Laura’s book A Dream Foreclosedoriginated from her efforts to follow housing activists around the country. Her first point is that the crisis did not really start in 2007, given the situation many poor communities had long been living in.  But she began her analysis from ’07, which she claims was first and foremost a foreclosure crisis. she notes that retorts to the effect that the crisis was not so bad compared to the Great Depression, is just false when analysed by foreclosure rates.  We have also not adequately appreciated how people were literally being thrown out of their hoses, sometimes in the middle of the night, with children … in other words the kind of real lived horribleness we don’t really notice when we talk about the crisis as concerning mortgage backed securities.

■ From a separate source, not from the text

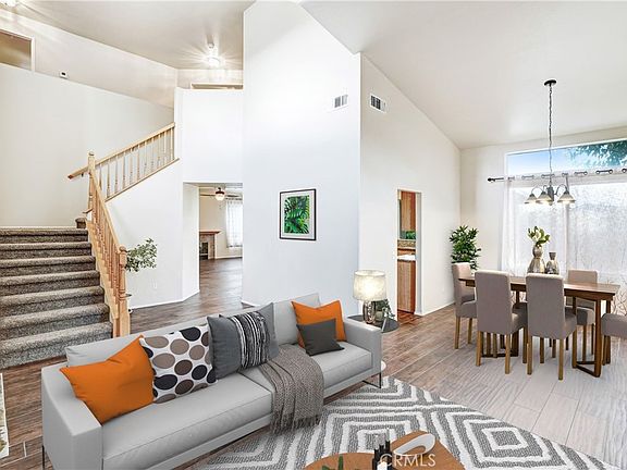 Ceiling fans are installed in all rooms. In addition to the 4 bedrooms and 2 full baths, the upstairs also features a hallway linen closet. Newer flooring, both carpet and tile throughout the entire house. The downstairs windows and sliding glass door look out onto the large covered alumawood patio (with ceiling fan) and a fully landscaped backyard which features mature fruit trees, a koi pond, as well as a gated RV parking area on the side yard. Block wall fencing surrounds the entire landscaped yard. The floorplan is family oriented and the home is located within the prestigious Alta Loma School District. If you're looking for a large family home, this is the one!! Home is virtually stagged.

She visited about a dozen cities focusing on housing organizing, and found the best activity was coming from African-American-led such activism.  Speaking for example of Omuju village, she talked about notions of “illegitimate ownership” and the basic effort of these groups to re-define ownership relations when existing law would find it appropriate to kick people out on the street in order to leave space vacant.  This idea of questioning the “legitimacy” of legally claimed property rights is something really worth our investigation.

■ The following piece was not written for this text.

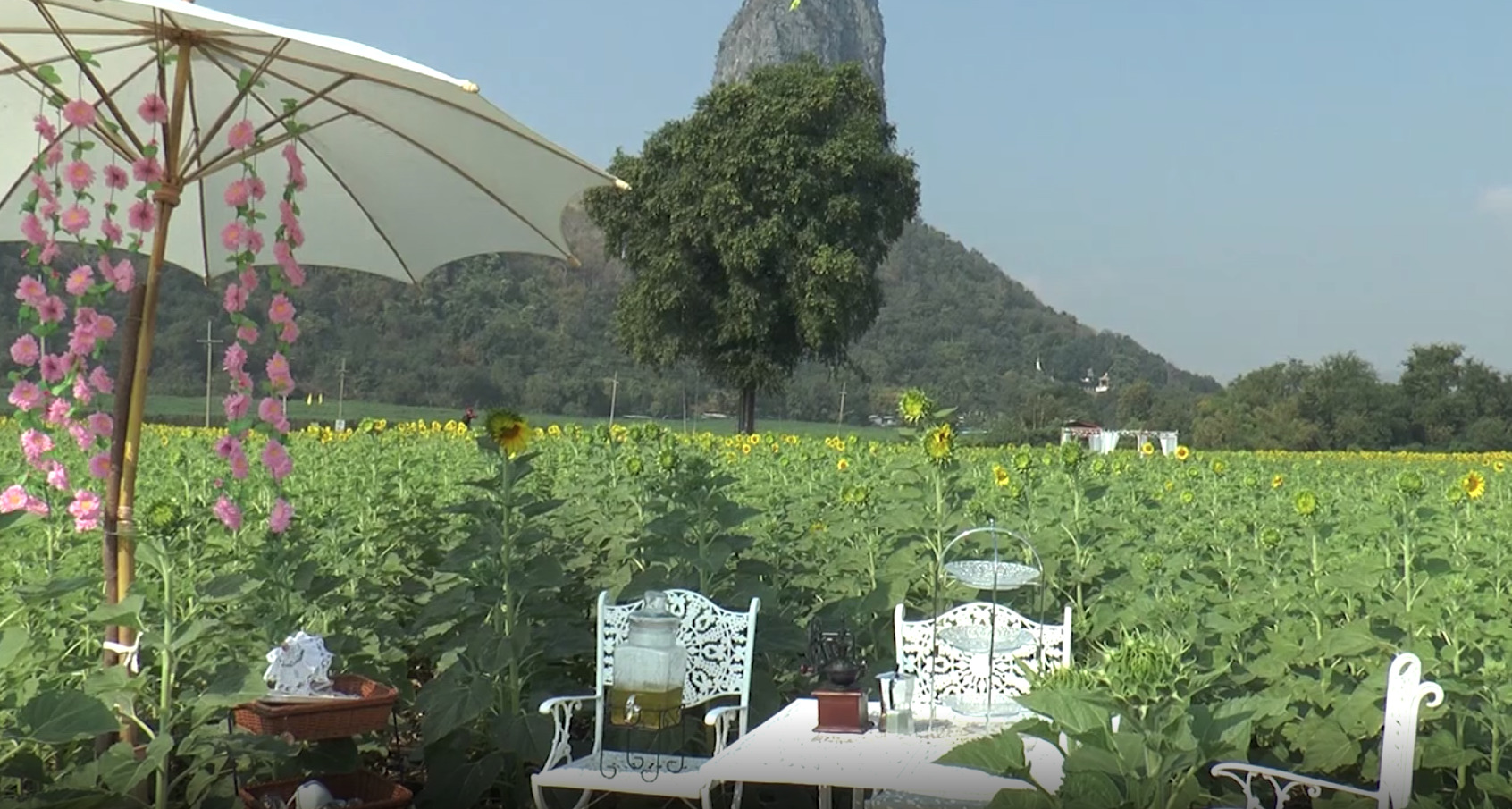 ทุ่งดอกทานตะวันภายในไร่จำรัสใน จ.ลพบุรี ที่กำลังออกดอกชูช่อรอรับแสงแดดยามเช้า ท่ามกลางบรรยากาศธรรมชาติกลางหุบเขาจีนแล หรือเขาโด่ บ้านหนองขาม ต.นิคมสร้างตนเอง จ.ลพบุรี ที่นี่เรียกได้ว่าเป็นทุ่งทานตะวันยอดนิยมในหมู่นักท่องเที่ยวที่เฝ้ารอถ่ายรูปคู่กับดอกทานตะวันทุกปี ซึ่งทุ่งทานตะวันแห่งนี้ถือเป็นทุ่งทานตะวันที่สวยงามที่สุดในประเทศไทย มีจุดให้นักท่องเที่ยวได้ถ่ายรูปอย่างมากมาย

She explored the notion of “ownership relations” as coming out of institutionalized racism when it comes to African American property rights.  In this vein, she gave a great explanation of the history of racist lending practices in the US going back to the 1970s, including, specifically, previously legal “red-lining”, wherein the Federal Housing Administration basically refused to back loans in “red-lined” communities which … what do you know … were basically all African American. Even when express red-lining was outlawed by the Fair Housing and Fair Lending Acts in response to decades of housing organizing, the resulting regime was one in which banks exploited the pent-up high demand in these communities by introducing practices of wide-scale deceit and consumer fraud to put people in unpayable mortgages, which then through securitization, were taken off the books of the banks.  The result was that foreclosure was two times as high in African American neighborhoods, in no small part driven by the indefensibly higher rates afforded to otherwise similarly situated black home owners.  She discussed varieties of activist responses these communities brought to bear, such as “home liberations”, mainly since 2009/2010.

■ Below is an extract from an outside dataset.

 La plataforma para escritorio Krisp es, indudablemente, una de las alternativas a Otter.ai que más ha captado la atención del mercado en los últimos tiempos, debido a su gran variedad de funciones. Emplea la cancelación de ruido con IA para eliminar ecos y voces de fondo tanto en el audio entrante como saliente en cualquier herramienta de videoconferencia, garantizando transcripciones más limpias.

She discussed possible solutions, like the Community Land Trust, wherein the land remains the property of the community through the trust (the home owner only owning the house), and the trust is run by the community — thus giving neighbors a role in determining how gentrifying/speculative offers of sale are handled in good times, and how non-homeowner payment is handled in bad.  The Trust further retains a right of first refusal to purchase the house in the event of a need for foreclosure. In short, the trust is there to resist displacement of community members at all times.

Finally, she discussed the current supposedly rising market, and how despite being better than a continuing falling one, is, because of the fact that so many African Americns already lost their homes, basically serving to re-distribute wealth along racial lines (again). Moreover, the housing recovery is hugely (again) based on speculation, as evidenced by the fact that homeownership rates are still dropping. This is because most purchases are being made by private equity firms and other financial institutions.

Laura’s talk stimulated great interest among Altbankers on these issues, most importantly regarding the promise activism in these areas provides.